Consider the set:
$$A = \bigg \{ \frac{n}{1 - n^2} \hspace{.1cm} | \hspace{.1cm} n \in \mathbb{N}, n \ge 2 \bigg \}$$
I have to show that the supremum of this set is $0$, using the analysis introductory tools only (so I can't use limits, and things like that).
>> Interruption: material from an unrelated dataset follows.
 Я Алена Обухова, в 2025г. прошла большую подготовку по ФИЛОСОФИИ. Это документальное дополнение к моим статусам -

This is what I tried.
We know
$$\frac{n}{1 - n^ 2} \le 0, \hspace{0.1cm} \forall n \in \mathbb{N}, \hspace{0.1cm} n \ge 2$$
$$=> 0 \in ub(A) => A \hspace{0.1cm} \text{bounded above (1)}$$
where $ub(A)$ is the set of upper bounds of $A$. Because we have condition $(1)$ and we know that $A \ne \emptyset$, we can conclude by the Supremum Property that
$$\exists \hspace{0.1cm} sup(A) \in \mathbb{R}, \hspace{0.1cm} sup(A) \le 0$$
where I got the condition that $sup(A) \le 0$ from the fact that $0$ is an upper bound.
So we now know that $sup(A) \le 0$. I want to show that it is equal to $0$.
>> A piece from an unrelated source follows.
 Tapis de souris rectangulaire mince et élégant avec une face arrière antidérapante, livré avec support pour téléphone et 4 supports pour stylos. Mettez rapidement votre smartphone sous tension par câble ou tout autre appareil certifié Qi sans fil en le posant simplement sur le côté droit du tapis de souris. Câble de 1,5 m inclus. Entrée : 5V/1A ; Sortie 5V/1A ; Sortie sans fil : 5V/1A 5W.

So let's suppose that $sup(A) \lt 0, \hspace{0.1cm} sup(A) \in \mathbb{R}$
Since the supremum is an upper bound (the smallest upper bound), we know
$$sup(A) \ge \frac{n}{1 - n^2}, \hspace{0.1cm} \forall n\in \mathbb{N}, \hspace{0.1cm} n \ge 2$$
Through a simple calculation, we can also show
$$\frac{n}{1 - n^2} \gt - \frac{1}{n^2}, \hspace{0.1cm} \forall n \in \mathbb{N}, n \ge 2$$
Take $\varepsilon = \sqrt{- \frac{sup(A)}{2}}$
We can do this, since we supposed $sup(A) \lt 0$, so then $- \frac{sup(A)}{2} \gt 0$
$$\text{By the Archimedian Property => $\exists \hspace{0.1cm} n\in \mathbb{N}$ s.t. $n \gt \frac{1}{\varepsilon}$}$$
$$=> \exists \hspace{0.1cm} n \in \mathbb{N} \hspace{0.1cm} \text{s.t.} \hspace{0.1cm} n > \sqrt{\frac{-2}{sup(A)}}$$
Both sides are positive, so we can square the expression without a sign change.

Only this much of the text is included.